Greetings,
As before, I'm going to be lazy and just post my
daily log. I'm sure the turbo flame subject will make you read it
:-)
Rusty
8-24-03
/ 8 hours / 1385 total
Finished up the top cowl tidbits, and tuned the
engine. The A controller was
perfect, with Tracy’s default
settings. I did set the staging
point at 18” MAP (12” vacuum, 14” vacuum indicated on my defective gauge), but
it ran OK before I changed this too.
So much for the good news.
The B controller was waaaaaaay rich across the board. I couldn’t get the mixture lean
enough, even with the mixture knob all the way CCW, so used mode 3 to reduce
the flow rate several steps to bring the mixture down to the point where I
could center the mixture knob. I
also set the staging point at 18” MAP on the B controller, but had to do lots
of fiddling with the mixture to get the low power and staging area to
behave. It’s odd, the mixture
indication on the AF gauge needs to be leaner with the B controller, than it
does with the A. In other words,
on the A controller, two yellow bars rich of center is what seems to run best
at low power, but on the B controller, it’s one yellow bar rich of center. If
you try to get two, it just won’t run right, and can be improved by turning
the mixture knob CCW. Very
strange. Don’t understand this,
but it works.
My theory, until proven wrong, is that the intake air
temp at the throttle body is pretty darned hot. Since it was 100 degrees on the ramp,
and I’m running a turbo with no intercooler, I can imagine this to be
true. The A controller
compensates for this by reducing the fuel flow to match the very hot air. The B controller doesn’t have a temp
sensor, so it assumes that the air isn’t so hot, and gives me far more fuel
than I need. Yep, that EM-2 would
sure tell me how hot the air temp is :-) In the mean time, I’m going to take
this as another reason to NOT boost the engine too much at low altitude, since
the air is so hot already.
Now, as for injector mismatch problems- it seems that
the only operational problem appears when you turn off the primary injectors
(wimpy over-rated MSD’s), and try to run at low power. At higher powers, the engine seems to
function OK, but I have to turn the mixture almost fully CCW to make the
engine happy at low power. I
don’t see this as a no-go problem, but would like to match these up better at
some point. I’ll be sending all
my unused injectors (2-MSD’s, and 4- Mazda 550’s) out to someone this week to
find out what they really flow.
While testing the engine, doing everything I could think of to throw it
off, I was going from idle to full throttle, then back to idle. A friend on the ground was shocked to
see a nice flame appear at the turbo exhaust when I closed the throttle
suddenly. I hadn’t noticed this
before, but I’m not surprised, or alarmed by it, because RX-7’s do it too if
you take off the catalytic converters.
What was more entertaining/disturbing was when I accidentally left the
cold start switch engaged while trying to start a hot engine. The engine was too rich to fire, but
the turbo ignited the fuel, and kept a continuous orange flame about a foot
long flowing out of the exhaust pipe.
I can live without seeing that again :-)
For the record, both the tiny tach, and the new Equus 8068 worked
perfectly. Static rpm at 30” MAP
was 4900, and at 36” MAP was 5400.
This is just a bit below the 5000 at sea level that I was looking for,
but I think I’ll leave it hear for now.
I’m pretty sure I have enough power to fly :-)

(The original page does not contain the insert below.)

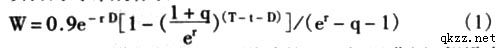 4. 用SW表示单位建筑面积的商业地产在出租率为90%的条件下,在土地使用年限内所带来的净收益现值,相当于推迟期权到期日的商业地产单位建筑面积的销售价格,其中S表示推迟期权到期日的单位建筑面积的商业地产年净租金水平。假设租赁价格以一固定百分比q逐年递增,其中q表示商业地产年净租金的增长率,t表示推迟期权的时间,T表示项目的寿命期,则:
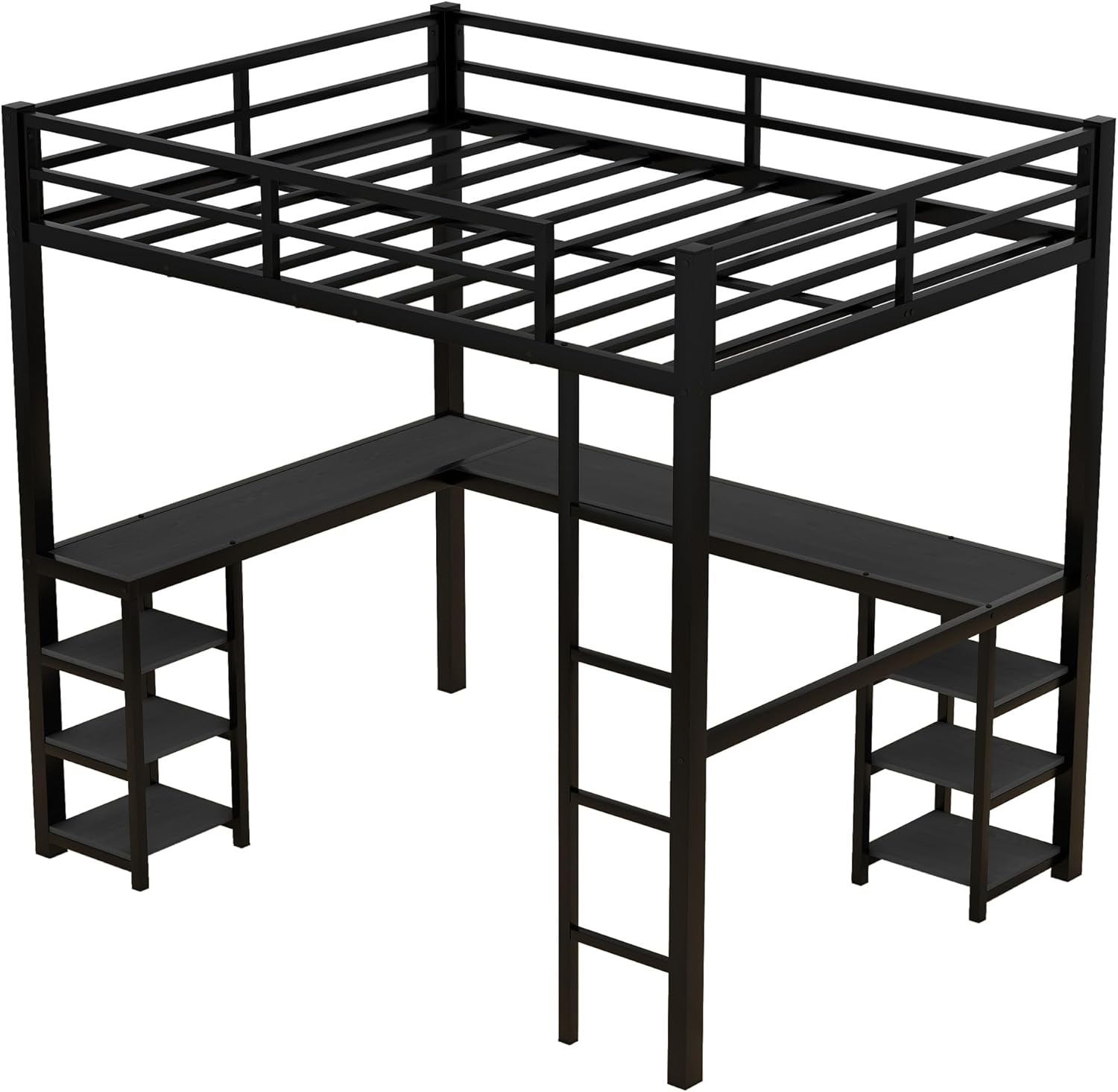 Transform your bedroom into a haven of efficiency and style with our Space-Saving Full Metal Loft Bed. This innovative solution expertly combines a secure, elevated sleeping platform with a fully functional workspace and ample storage beneath, making it the ultimate choice for maximizing limited square footage. Experience the ingenuity of the L-Shaped Loft Bed design. By fitting snugly into a corner, this full bed creates a highly efficient footprint. The expansive area below the elevated bed frame is liberated, ready to be transformed into your ideal home office, study sanctuary, or personalized display zone. The integrated desk forms a practical L-shape, perfect for supporting computers, books, and essential items. Adjacent shelves provide organized storage for books, décor, or daily essentials, keeping your space tidy. Safety and durability are paramount. Our full metal loft bed features a sturdy iron frame engineered for exceptional strength and long-term reliability. High-quality materials resist rust and chipping, ensuring the bed retains its sleek black appearance. Rest assured on the upper level, protected by full-length guardrails on all sides. Access is safe and convenient via the integrated stairs-style ladder, a hallmark of secure bunk bed with stairs design. Supported by heavy-duty steel legs, this full size loft bed with desk offers a robust 350lb weight capacity for the sleeping area. Enjoy seamless setup with our comprehensive assembly guide and included hardware. The result is a versatile full size bunk bed with desk that transcends ordinary furniture. It's more than just a bed frame; it's a complete space-saving ecosystem, merging comfortable sleeping quarters with essential living and working areas.

Finally, I took the plane for a spin around the
taxiway, and tried to clean the rest of the crud from the brake discs. About half way around the airport, I
noticed that the left brake pedal would sink if I held it. Knowing what this meant, I took it
back to the hanger and found that the flare fitting on the aluminum hose at
the brake caliper just decided to start leaking. After all the times I’ve tried to
over-stress these lines by standing on the brakes, it just decided that now
was the time to leak. By the time
I got back to the hanger, it was just dripping from gravity pressure. Just amazing. Of course now I have to pull the top
skin again to get to the reservoir when I fix the connection. Rats.